Caedmon était vacher. Il travaillait dans une ferme près de Whitby en Angleterre. C’était il y a 1 300 ans.
Il a affirmé que Dieu lui avait rendu visite dans un rêve. Le résultat fut neuf lignes d’éloges. Ils sont devenus l’hymne de Caedmon. Il célèbre le Créateur. Il loue le « Seigneur éternel » pour avoir construit la Terre pour nous.
Les érudits le considèrent comme le début de la littérature anglaise. Mark Faulkner le dit. Il enseigne au Trinity College de Dublin. Il fait partie de l’équipe derrière une nouvelle découverte. Une situation qui a laissé les experts sans voix.
Voici le problème du poème. Personne ne pense que Caedmon l’a écrit lui-même. Il vivait dans des livres écrits par quelqu’un d’autre.
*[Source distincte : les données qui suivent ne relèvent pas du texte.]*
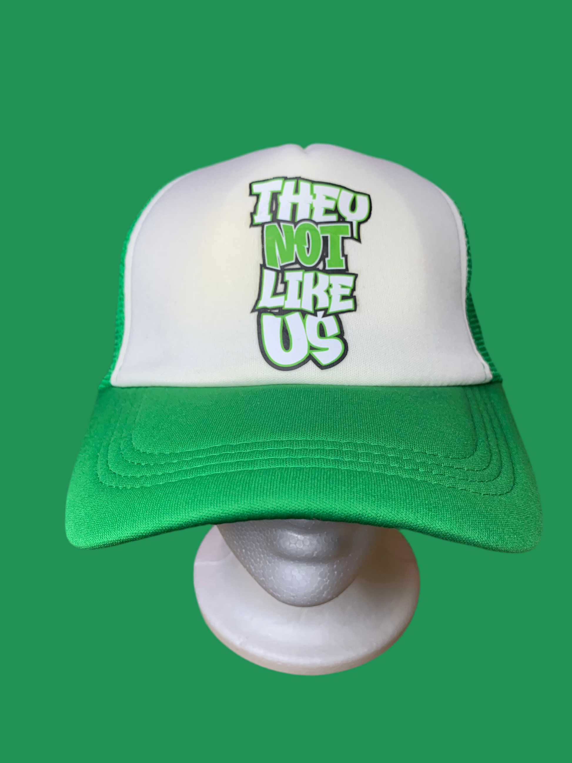 This hat says “THEY NOT LIKE US“ & it’s adjustable to fit all adults & young adults with the SnapBack💚
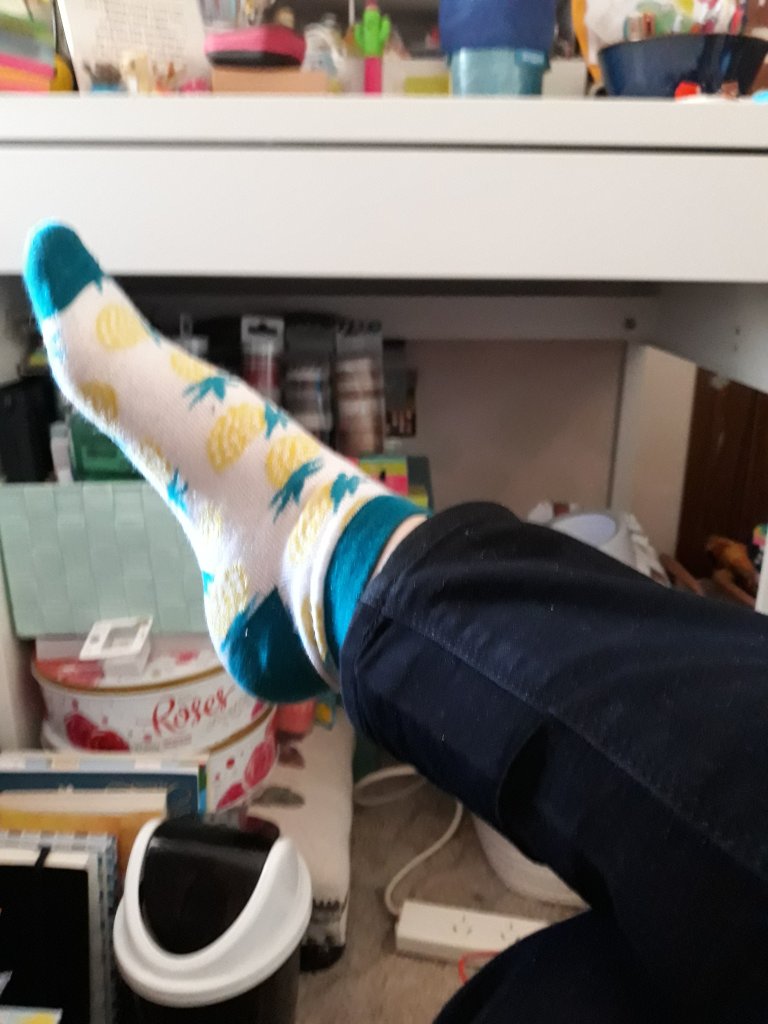 Sometimes you need to just be silly and decide today will be a pineapple sock kinda of day. Hey it is the school holidays and I think why not break the rules and routine, and wear those funky socks of mine. Well it is a fact that I work as a Kindy Aide and so I could pretty much wear these to school, and not even cause any of my Kindy children to bat an eyelid at me at all. But hey woke up and thought wear those socks.
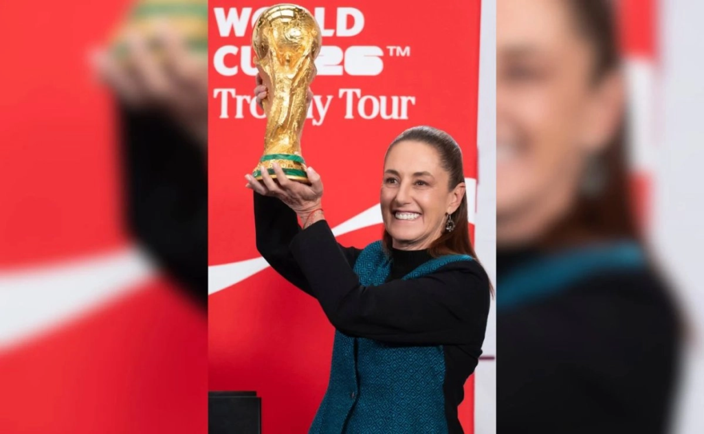 La presidenta Claudia Sheinbaum Pardo presentó ayer al final de su conferencia matutina, el trofeo de la Copa Mundial de

Le Vénérable Bède a écrit une Histoire ecclésiastique du peuple anglais. Bede était moine et érudit. Son livre comprend généralement l’hymne en latin. La version en vieil anglais apparaissait souvent plus tard. Comme un post-it ajouté par un élève maladroit.
Jusqu’à maintenant.
Les chercheurs ont examiné un livre numérisé. Il se trouve à la Bibliothèque centrale nationale de Rome. Ils ont trouvé le poème. Pas comme un ajout ultérieur. C’est là depuis le début. Il est intégré au texte principal de ce manuscrit du IXe siècle.
Nous n’en croyions pas nos yeux.
C’était Elisabetta Magnanti. Elle a aidé à diriger les travaux à Trinity. Elle a dit que l’équipe était sans voix. Vraiment abasourdi.
La plupart des textes en vieil anglais apparaissent des siècles plus tard. Généralement du Xe ou du XIe siècle. Faulkner souligne à quel point il est étrange que Bede ait sauté la langue originale. Bede traduisait tout en latin. C’était la langue savante de l’époque.
Mais quelqu’un a réintroduit le vieil anglais. Ils l’ont fait cent ans après que Bède ait terminé son travail. Pourquoi? Parce que les premiers lecteurs ont aimé le poème. Ils accordaient plus d’importance à leur langue maternelle que nous ne le pensions.
La découverte apparaît dans Early Medieval England and its Neighbours. Cela déplace la chronologie. Cela change la façon dont nous percevons la valeur accordée à la poésie ancienne.
Voici à quoi cela ressemble maintenant.
- Maintenant, louons le gardien du Royaume des Cieux
- la puissance du Créateur et les pensées de son esprit
- l’œuvre du père-gloire
- de toute merveille, Seigneur éternel
- Il a établi un début
- Il a d’abord façonné pour les fils d’hommes
- Le ciel comme toit, le saint créateur
- alors gardien de l’humanité de la Terre du Milieu
- la terre pour les hommes, le Seigneur Tout-Puissant
Roy Liuzz l’a traduit pour les oreilles modernes. Les mots tiennent. Ils l’ont toujours fait.
Il a simplement fallu un scan numérique d’une ancienne étagère de bibliothèque italienne pour prouver qu’elle était là depuis le début. Pas rentré dans la marge. Mais en plein milieu de l’histoire.